Mexican President Andres Manuel Lopez Obrador announces that Tesla is going to set up its next plant in Mexico. It will boost Mexico, which is attempting to establish itself as hub for its nearshoring of investment-capitalizing on geopolitical tensions and supply chain disruptions caused by the COVID-19 pandemic. In the attempt, it is blurring manufacturing capacity to North America and away from Asia.

Lopez Obrador said the two sides had reached an agreement after a call with Tesla Chief Executive Elon Musk on Monday, following a separate conversation he said the two held late last week. “This will represent a considerable investment and many, many jobs,” Lopez Obrador told reporters, saying Musk had been receptive to Mexico’s concerns and accepted its proposals. Speaking at a news conference, Lopez Obrador said Tesla would likely give more details of its plans on Wednesday.
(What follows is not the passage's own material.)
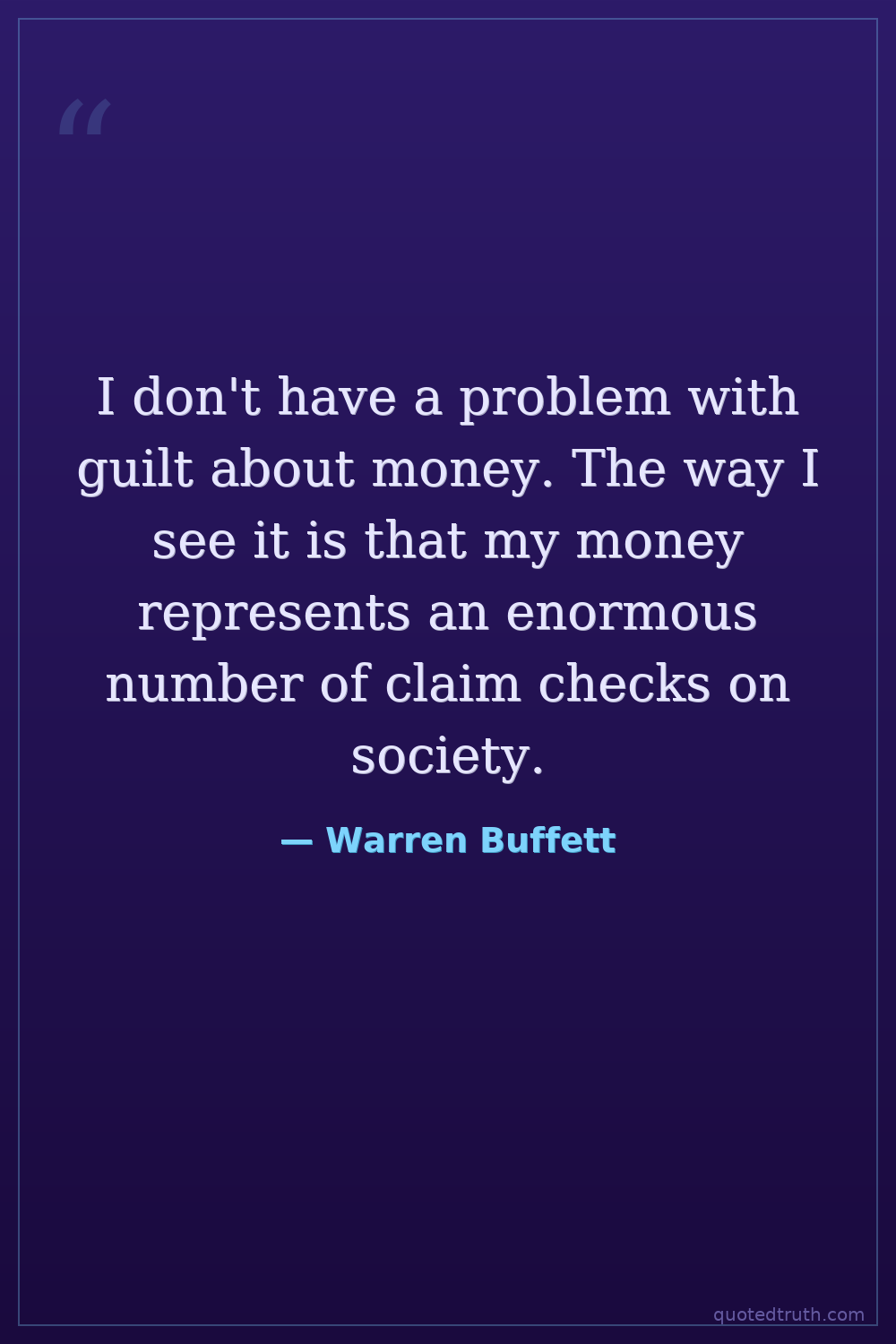 I don't have a problem with guilt about money. The way I see it is that my money represents an enormous number of claim checks on society.

Musk is due to hold an “Investor Day” on Wednesday, during which he will outline his “Master Plan Part Three.” The call between the two took place after Lopez Obrador had on Friday stirred fears that he could block the investment in Monterrey if water was scarce in the arid region.
Tesla plant
The president said Musk had understood the challenge posed by water scarcity, and that the company would be making a series of commitments as part of the deal. The discussions around Tesla have been a major test of how investors responded to Lopez Obrador’s resource nationalism, which has persistently stirred misgivings among business groups. “Santa Catarina will have the eyes of the world,” he said on Instagram. In another video, captioned “10 billion dollars” in bright red, Nava said Tesla’s investment would be five times the private investment in the municipality over the past decade. Mexican Foreign Minister Marcelo Ebrard hailed the news on Twitter, calling it the result of 14 months of “patient labor.”
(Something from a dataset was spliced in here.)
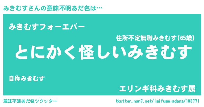 | ポケモン風あだ名 | 『ミキゴンZ』『ヒミキムス』 |

Speculation about the prospect of Tesla going to Mexico has circulated for months, and the plant is set to become one of the major investments of the Lopez Obrador administration. Mexico received its highest foreign direct investment inflows for years in 2022, official data showed, as businesses took advantage of a lower-cost and skilled workforce that has made the country a global center of the car industry. However, overall investment has been held back by companies unsettled by Lopez Obrador’s efforts to strengthen state control of the energy market at the expense of private capital.